Free Support Forum - aspose.com

How to copy content of Word Document based on PageBreak

I need to copy first three pages of word document to another document. I am not sure what these first 3 pages will contain they may contain images, tables, paragraphs etc. Is there any way by which I can just cut these first 3 pages and save them in another document.

Hi,

It is possible if the end of the 3rd page coincides with a "new page" section break or explicit page break. The former case is much simpler to implement. Is it applicable to you?

there will be a page break at the end of 3 page.
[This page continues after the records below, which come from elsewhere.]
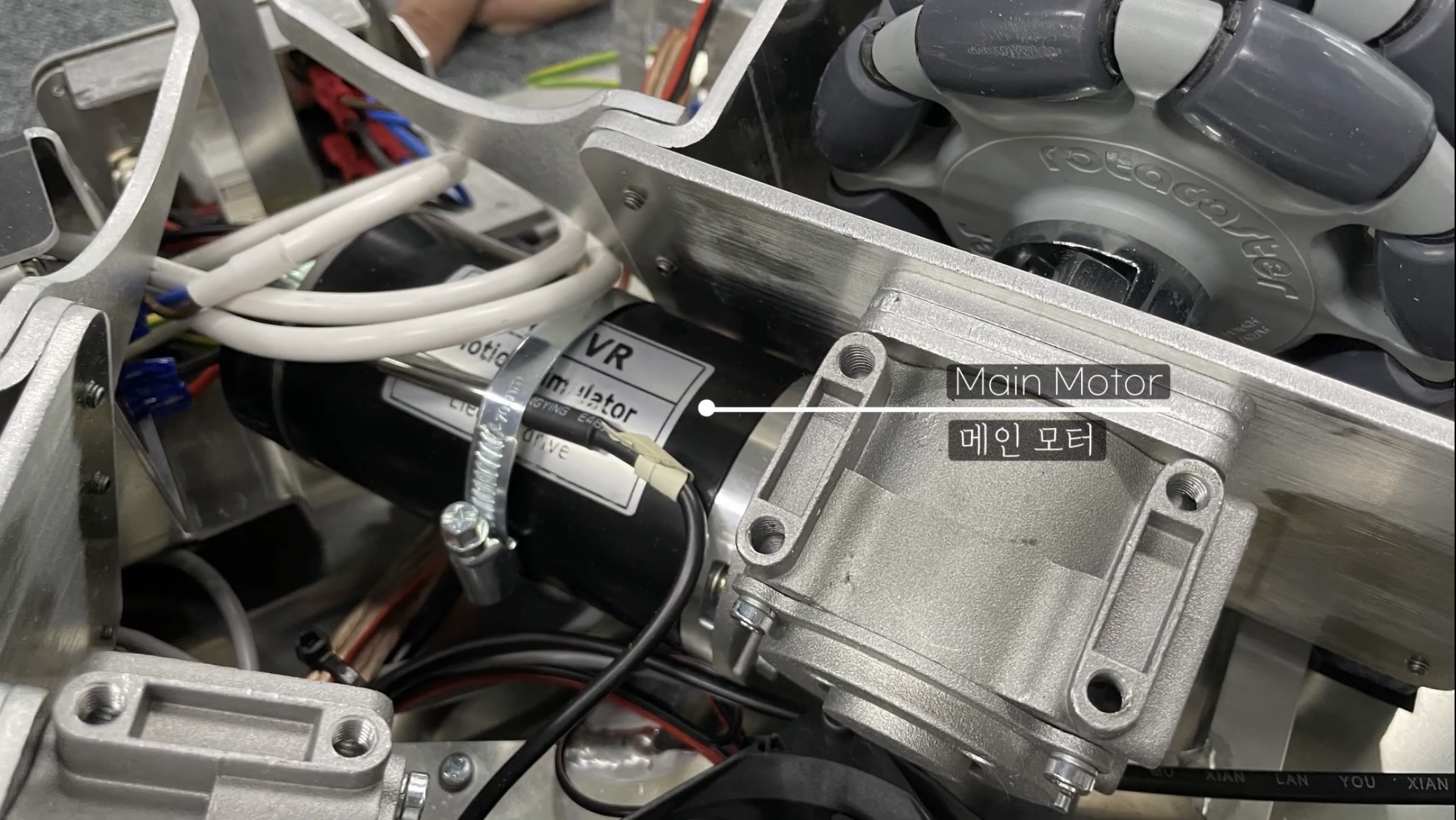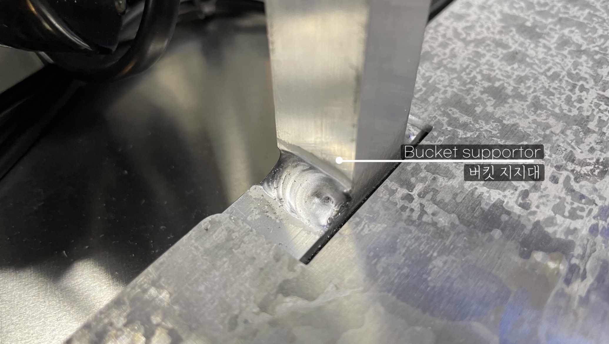 이 보조바퀴가 연결된 부분이 재미있는데 용접된 기둥 옆으로 슬릿을 만들었습니다. 아마 휨으로 발생할지 모를 크랙을 방지하기 위한 것 같은데 시제품을 만들다가 추가한 것 같아요. 이런 구조는 설계할 때는 절대로 볼 수 없거든요. 그래도 이런 구조를 생각한 거 보면 제법 실력 있는 엔지니어의 솜씨가 느껴집니다.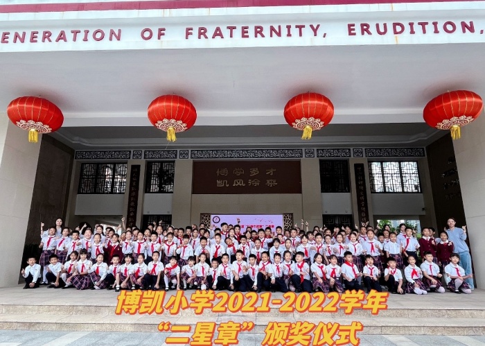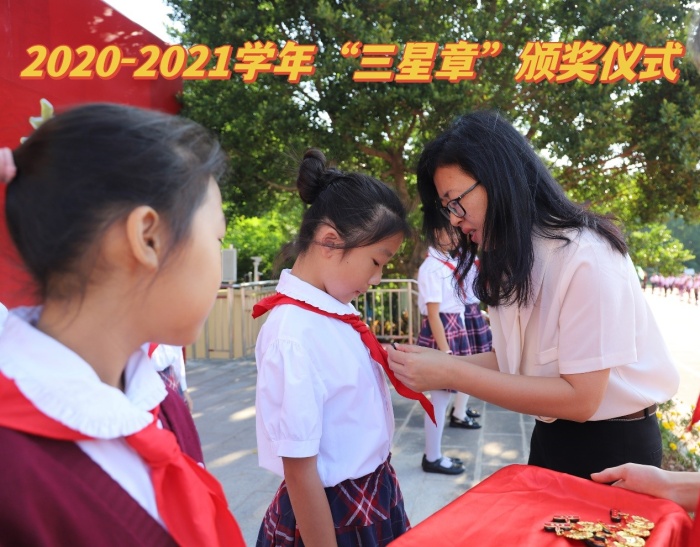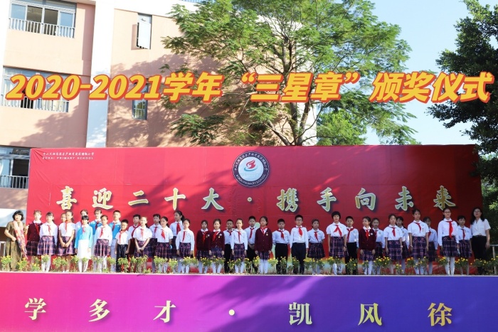 2022年10月19日,在升旗儀式莊重的舞臺上,博凱小學(xué)少工委主任胡冬梅和少工委副主任謝少聲共同為獲得“三星章”和“二星章”的少先隊員們頒發(fā)獎?wù)?。每一枚紅領(lǐng)巾獎?wù)虏粌H僅是一種榮譽,也承載著隊員們的努力和夢想,承載著每一名少先隊員對黨和國家的忠誠與信念。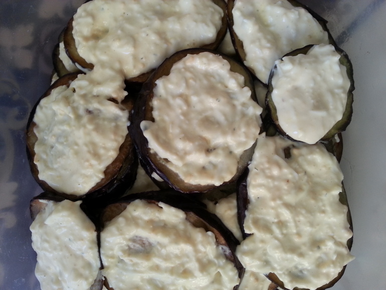 Блюда из овощейБыстро и вкусно.нарезать и пожарить. 2 яйца, майонез и чеснок смешать и смазать сверху.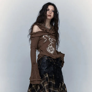 Edgy grunge Y2K-inspired off-shoulder knitted top with a bold, slouchy fit for a cool, rebellious streetwear vibe.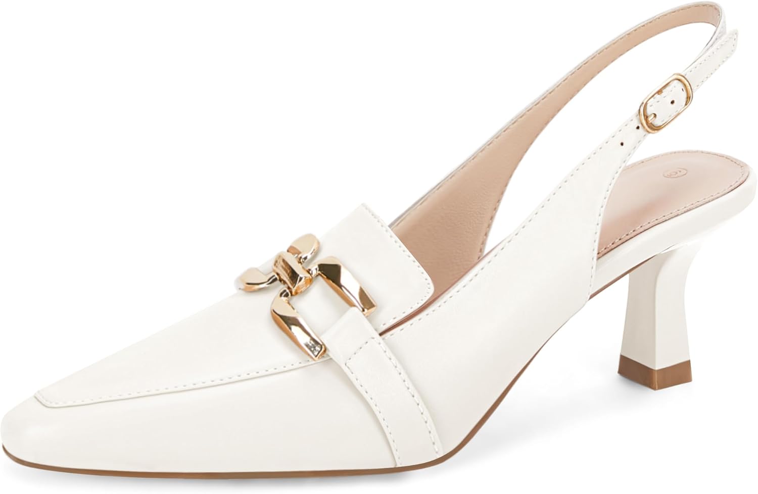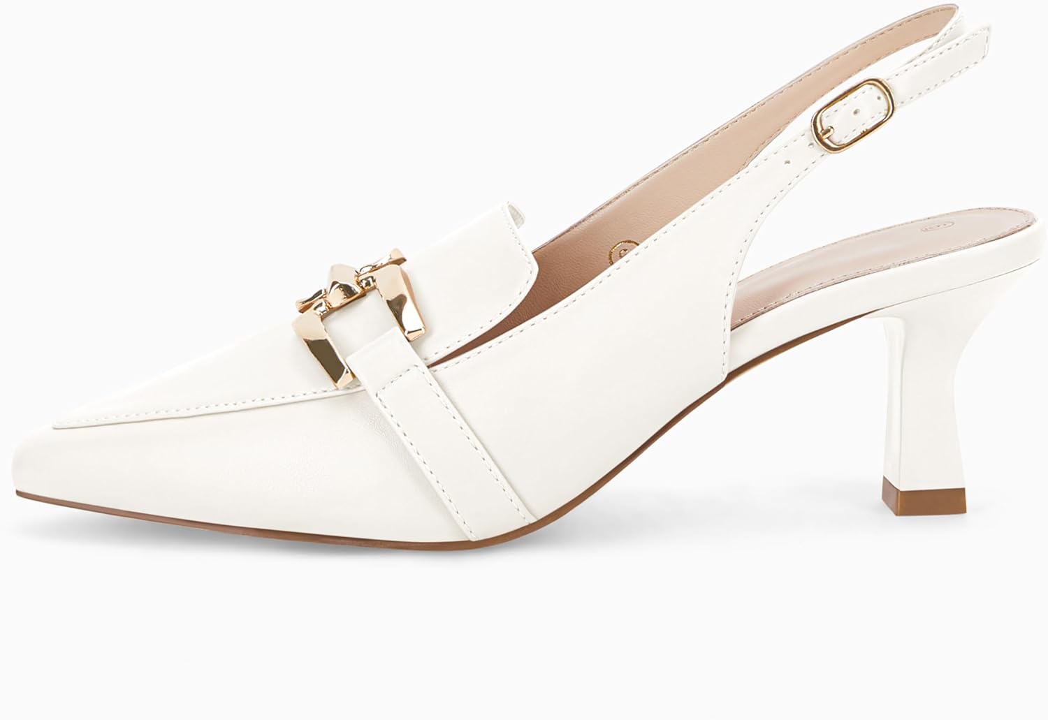 Fashare Womens Kitten Heels Slingback Closed Pointed Toe Dress Shoes Metal Chain Buckle Elegant Pumps
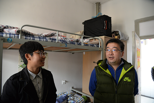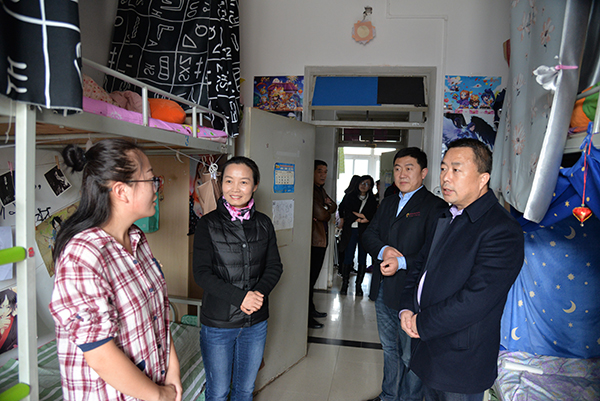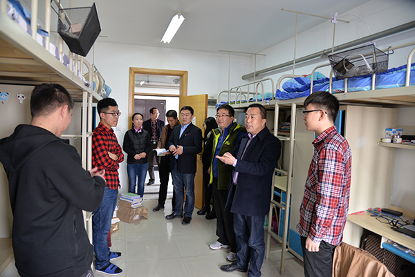 在宿舍,胡书记、房院长详细询问了学生的寒假生活状况,欢迎同学们按时返校开启新学期的学习和生活。胡书记强调,春季学期适合锻炼,希望同学们在完成学习任务的前提下,走出宿舍、走下网络、走向操场,多参加有益身心健康的阳光体育运动,以更加昂扬的状态投入学习和生活。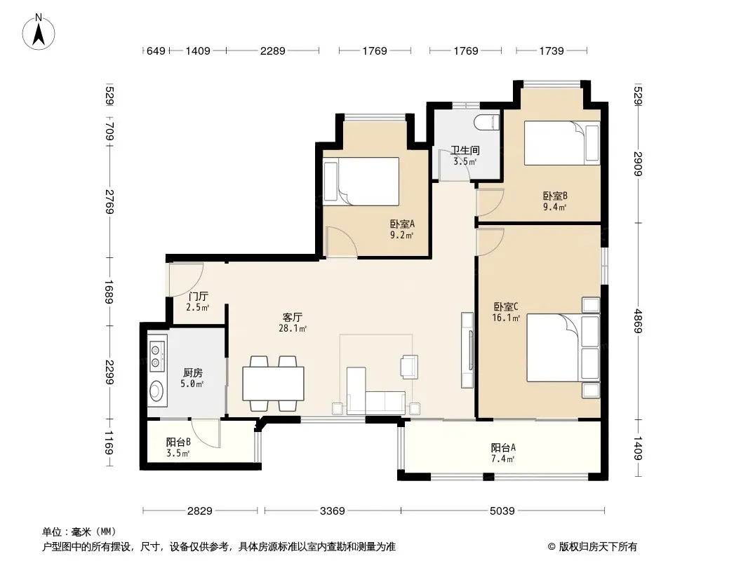 户型齐全,主打明卫,客厅朝南,双阳台三居

I am least bothered about further content. I just need to save first 3 pages of my document in database.

Here's a sample method which inserts 3 first pages of a source document to the specified node of a destination document:

///

/// Inserts content of the external document after the specified node.

///

/// Node in the destination document where the external document content should be inserted.

/// Document to insert.

public void InsertDocument(Node node, Document doc)

{

CompositeNode parentNode = node.ParentNode;

while (true)

{

if (parentNode == null)

throw new Exception("Document cannot be inserted after the specified node.");

if (parentNode is Story || parentNode is Cell || parentNode is Shape)

break;

node = parentNode;

parentNode = node.ParentNode;

}

int index = node.ParentNode.ChildNodes.IndexOf(node);

Document dstDoc = node.Document;

Section insertedSection;

foreach (Section section in doc.Sections)

{

insertedSection = (Section)dstDoc.ImportNode(section, true, ImportFormatMode.KeepSourceFormatting);

foreach (Node insertedNode in insertedSection.Body.ChildNodes)

{

// Do not insert node if it is a last empty paragarph in the section.

if (insertedNode is Paragraph && insertedNode == section.Body.LastChild && insertedNode.ToTxt().Equals(string.Empty))

break;

if (insertedNode is Paragraph)

{

Paragraph para = (Paragraph)insertedNode;

if ((para.Runs.Count > 0) && (para.Runs[0].Text.StartsWith(ControlChar.PageBreak)))

return;

}

parentNode.ChildNodes.Insert(++index, insertedNode.Clone(true));

}

}

}

Basically, this is a modified version of the document importing algorithm posted in one of the recent threads that halts once an explicit page break is encountered at the beginning of a paragraph. I'm also attaching a sample source document with an explicit page break at the end of the third page.